I've noticed a strain of defeatism around these parts recently. It's not just the neoliberalism and "just like Bush" diaries on the president, which are perhaps understandable if not terribly productive. We're also seeing diaries like this one that suggest that the decline of the Blue Dog caucus is not a good thing, because it indicates a shrinking of the Big Tent of the Democratic Party. It would be one thing if we had organizations at the fringe of the party pushing them out, but that's not how we do politics.
Proof that real live voters are, like us, working for more and better democrats below:
"We're Not Like That" is NOT a good reason to bemoan the fact that Democratic voters went to the polls in two districts in Pennsylvania and got rid of two members of the Blue Dog caucus. If you remember, the only difference between Jason Altmire and Mark Kritz is that Altmire had gone SO far over to the dark side of politically-motivated centrism that Kritz was able to run as the labor-supported candidate.
And, indeed, we really AREN'T like that. The voters in these districts weren't being driven by a Club for Growth campaign (like the one Dick Lugar is facing in Indiana) and none of the candidates signed one of Grover Norquist's pledges. Our voters went to the polls and voted for candidates whose positions they preferred. Pure and simple. Who was and wasn't happy? The political punditocracy.
Not the actual news reporters in the field. Here, for example, is the Scranton Times-Tribune on the reasons Matt Cartwright beat Tim Holden:
In the campaign, Mr. Cartwright, of the Scranton law firm Munley, Munley & Cartwright portrayed himself as more liberal than the congressman, a Blue Dog Democrat.Should Mr, Cartwright not have run?

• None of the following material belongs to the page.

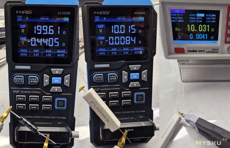 И снова прибор Fnirsi. Сегодня рассмотрим портативный LCR-метр с возможностью работы по четырехпроводной схеме (щупы Кельвина). Новинка позволяет проводить многопараметрические измерения с компонентами (сопротивления, индуктивности и конденсаторы) для диагностики и сортировки. Точность отображения величин 4 знака после запятой. У измерителя цветной дисплей TFT с диагональю 2,8 дюйма, калибровка, режим сортировки по допуску в %, и емкий аккумулятор 3000 мАч. Сравним показания с более дорогим настольным прибором RuoShui 4091c. Краткий обзор под катом.

Of course not. Blue Dog the reason? Well, maybe, but consider the bolded portion of the quotation above.
Mr. Holden, who was elected in 1992, had previously won five times in his old, conservative leaning district. This time, he was running for the first time in a decade in a majority Democratic district.
And it showed.
In Lackawanna County, Mr. Cartwright captured 17,600 votes, 77.9 percent, to Mr. Holden's 5,006 votes, according to unofficial results posted on the state Department of State web site at 11:15 p.m.

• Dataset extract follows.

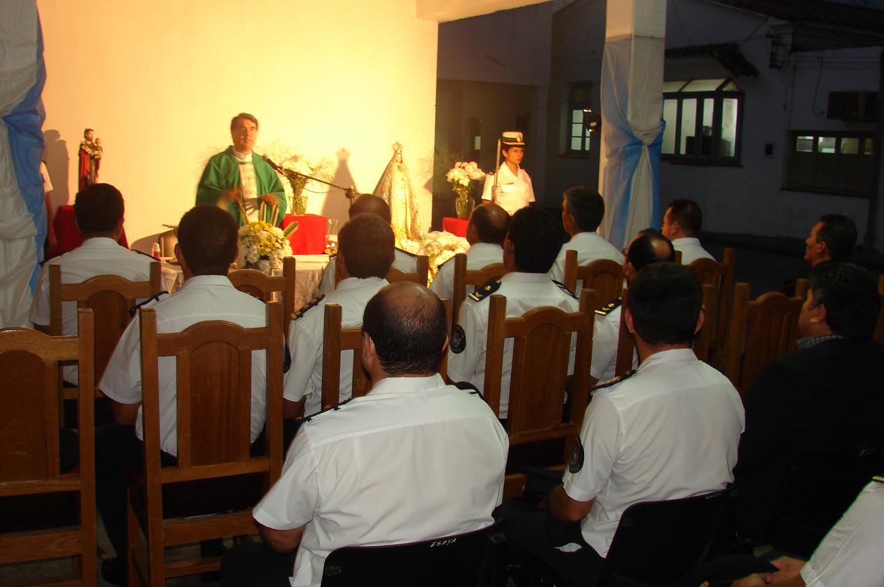 En la tarde de ayer, a las 20:00, se celebró una misa en el playón interno de la institución policial. Durante estas dos jornadas, los alumnos de la Escuela de Cadetes “Tte. Gral. Juan Domingo Perón” realizan una Guardia de Honor con uniforme de gala.

The new district's boundaries are roughly 80 percent different because of redistricting.
And the Critz-Altmire race? Here's what the Pittsburgh Post-Gazette had to say:
Mr. Critz's win had an old-time Democratic feel, with its reliance on labor and seniors issues, and a heavy dose of the late John Murtha, whom Mr. Critz replaced in a 2010 special election after his former boss died. If he had lost to Mr. Altmire, Johnstown would have been assured of being without its own congressman for the first time in four decades.and
Mr. Critz and Mr. Altmire had conservative voting records for Democrats so they had to search for new ways to differentiate themselves. The late stages of the campaign were dominated by Critz charges that an Altmire vote in favor of a Republican-backed balanced budget amendment and against a Democratic attempt to embarrass the GOP over an ultra-conservative budget would hurt funding for Social Security and Medicare.I can't see how the big tent shrunk even one inch in this race. The litmus test? LABOR. Isn't a candidate who supports the labor movement a better democrat than one who doesn't?

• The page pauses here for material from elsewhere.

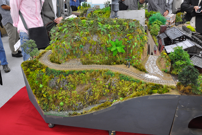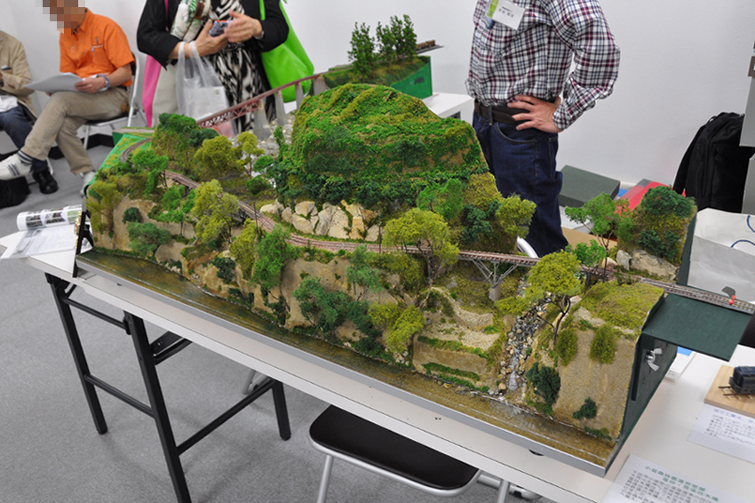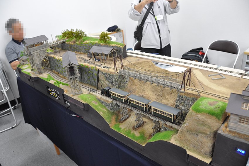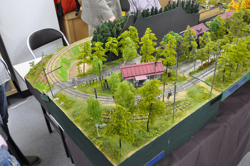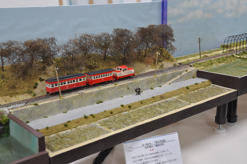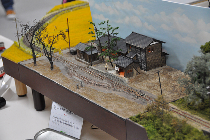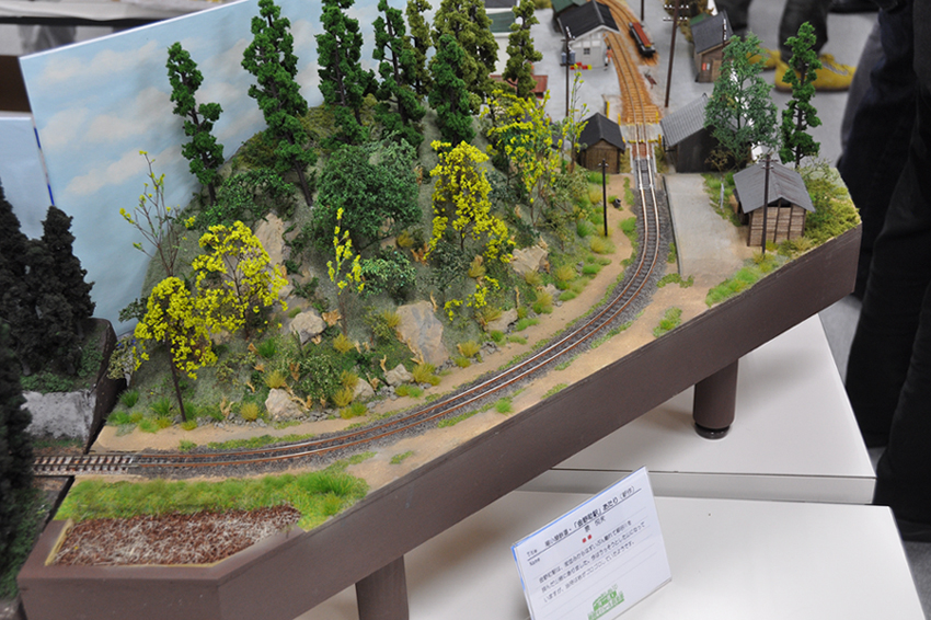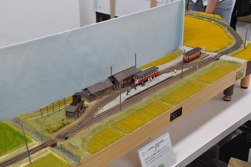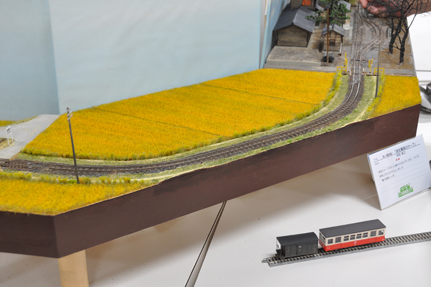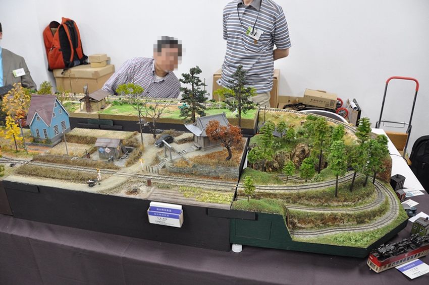 レポート(と言うほどのものではありませんが)の2回目です。 ↑雨降りの情景です。 ・・・これはスゴイ。のちほどまた出てきます。 やはり写真がかなり多いので記事を折りたたんでいます。 右下の「more」、またはこの記事のタイトルをクリックして続きをどうぞ。 さっそく昨日の続きです。 ↑Oナローモジュールクラブさんのブースです。 やはり大きめの車両は迫力が違いますね。 こんな大きなのを作っちゃったら、ウチには絶対置けないなぁ・・・ ↑写真にはありませんが、しゃがんで目線を低くすると、完全にモジュールの風景の中に入り込めますヨ(意識がですが)。 ↑別荘地のような涼やかさ。 効果的に配置されたフィギュアがいい味を出しています。 ↑よく見ると、架線が張ってあるんですよね。 たまたま脱線した車両を元に戻すのに苦労されていて、その時初めて気づきました。 ↑こちらはONMC anexさんのブース。 Oナローモジュールクラブさんの内部ユニットでしょうか? 向かって右側のモジュールなんて、モロに好みですよ。 すごいなぁ・・・ ↑その下の線路にも小さなSLが・・・ ↑建物の中にはちゃんと人が居たりします。 細かいですねぇ・・・ こちら側のパネルの左上(貼ってある写真の左側)に青いデジタル表示(数字)があって、ちょこちょこ変動していたのですが、これが何かなのか質問してくるのを失念してしまいました。 電圧計か何かなんでしょうか? ↑しゃがんで見上げると、部屋の白い壁が効果を発揮して、曇天の下の本物の風景の中に居る気にさせてくれます。 とても丁寧に作られていてリアルでした。 ↑駿遠倶楽部さんのブース。 終端駅のモジュールですね。 終端駅っていうのは独特の雰囲気があって大好きです。 ↑同上。 お茶の畑が独特の情景を現出させていますねぇ。 ただのループに見えて、複雑なRの組み合わせと、曲線を描いた駅での分岐によって、飽きのこない構成になっています。 ↑こちらもお茶畑が。 真ん中に一本通った道には通学途中の学生さんたちがいます。 のどかな雰囲気が良く出ています。 ↑こちらは高低差のある複雑な地形の中を走るひと筋のレール・・・と言う構成。 L字型に組まれていて、折り返し運転をされておられました。 一番手前は川なのですが、ベースボードの上に1センチぐらいの厚みの川が作られていて、目線を水平にして見てみると、川の断面までもが見える状態・・・。 枠を作って、樹脂(かな?)を流して、固まってから枠を外す・・・ と言う様な工程で作るのだと思いますが、さぞかし大変だったのではないでしょうか? ↑「L字」のもう一方の様子。 なんと巨大な川をまたぐ橋梁です。 十分な見ごたえがありますねぇ。 ↑軽便モジュール倶楽部さんのブース。 柱の周りをぐるりとまわる状態にモジュールを連結されておりました。 ↑私が訪れた時は、この朱色とクリーム色のツートンカラーの車両がトコトコと走っておりました。 ↑まだ収穫前の、わずかに色づき始めてきた頃合の田んぼが綺麗な、こちらのコーナー部から順番に右へと進んでみます。 ↑こちらは川・・・と言うよりは沼地か用水池と言ったところでしょうか? そんな色合いが良く出ています。 ↑学生さんカップルが仲良く下校中? 私には未経験のシチュエーションです。 ↑背景パネルの上辺のラインと重なっていて、最初は気づかなかったのですが、よく見ると上空にバケットがぶら下がっています。 右の鉄塔がその支柱というわけですね。 ↑次のコーナー部です。 小さな駅が配されています。 木造倉庫(?)の手前のスクーターとか、小物がうるさすぎない程度にほどよく設置されていますね。 ↑こちらはやや大きめで、列車の交換が可能な駅です。 ホームにも数名のお客さんの姿が見えます。 ↑またコーナー部。 こちらは刈り入れ直前のような田んぼです。 近くで見ても、とても綺麗でした。 ↑こちらは小さめの駅ですが、列車の交換は可能なようです。 寂しそうな風景が、逆にいい空気感を漂わせていますね。 ↑中央の川がとても綺麗なモジュール。 川・・・と言うか渓流ですね。 その川の表情をアップで撮影したんですが、ピンボケになっておりました・・・ 残念。 ↑こちらは手前に川が流れています。 水面に石が顔を覗かせていて、結構リアルでした。 こちらもアップの撮影に失敗(泣) と言うか、この写真自体も、右手前の木のかたまりにのみピントが合ってしまって失敗気味です・・・。 まだまだ未熟・・・ すみません。 ↑最後のコーナー部。 けっこうゴツい山肌にいろんな木々が生えています。 木の表現って、リアルにしようとすると難しそうですよねー。 よくまあこんなにリアルに作れるものだと、感心することしきりです。 ↑ここで1周。右隣はスタート地点の田んぼコーナー部です。 待避線のある駅のモジュールですね。 レール運搬貨車が待避線で静かに佇んでいました。 ↑DMCさんのブース。 ココの密度が凄かった! ↑「黒山の人だかり

So who did this upset? The Wall Street Journal, whose editorial, "The Shrinking Blue Dogs" began with this comment:
Rahm Emanuel is now mayor of Chicago, and the last vestiges of the strategy he used to help Democrats capture the House of Representatives vanished on Tuesday.Paul Gigot, behind a paywall, but if that isn't a money quote I don't know what is.
Enough. We're still a big tent, and the Progressive movement hasn't lost its soul.